» **WORK TASK**
Every line of the entries below from the one containing "ยาสีฟันไบโอรีแพร์ ปกป้องฟันอย่างสมบูรณ์แบบ 50+" to the one containing "媒體優(yōu)勢:覆蓋所有", both ends included, must be written out exactly. No other line belongs in the answer.

» **EXTRACTED INFORMATION**

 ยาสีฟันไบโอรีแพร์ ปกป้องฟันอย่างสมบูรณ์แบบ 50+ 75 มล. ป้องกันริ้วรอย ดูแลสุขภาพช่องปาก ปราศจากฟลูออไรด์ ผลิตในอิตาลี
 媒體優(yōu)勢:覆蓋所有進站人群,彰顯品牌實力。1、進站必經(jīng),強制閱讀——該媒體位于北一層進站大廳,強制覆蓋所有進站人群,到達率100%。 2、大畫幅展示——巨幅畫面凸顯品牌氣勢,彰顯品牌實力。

* * *

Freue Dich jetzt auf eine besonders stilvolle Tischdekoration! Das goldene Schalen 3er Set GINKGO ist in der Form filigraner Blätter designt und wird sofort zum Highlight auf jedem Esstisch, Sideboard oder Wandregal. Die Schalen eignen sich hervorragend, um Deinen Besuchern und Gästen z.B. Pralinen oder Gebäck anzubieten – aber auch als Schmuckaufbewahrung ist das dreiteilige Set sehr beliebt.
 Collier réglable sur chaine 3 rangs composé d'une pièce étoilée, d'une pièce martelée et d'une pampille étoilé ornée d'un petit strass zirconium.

» **SOLUTION TO THIS EXERCISE**
 ยาสีฟันไบโอรีแพร์ ปกป้องฟันอย่างสมบูรณ์แบบ 50+ 75 มล. ป้องกันริ้วรอย ดูแลสุขภาพช่องปาก ปราศจากฟลูออไรด์ ผลิตในอิตาลี
 媒體優(yōu)勢:覆蓋所有進站人群,彰顯品牌實力。1、進站必經(jīng),強制閱讀——該媒體位于北一層進站大廳,強制覆蓋所有進站人群,到達率100%。 2、大畫幅展示——巨幅畫面凸顯品牌氣勢,彰顯品牌實力。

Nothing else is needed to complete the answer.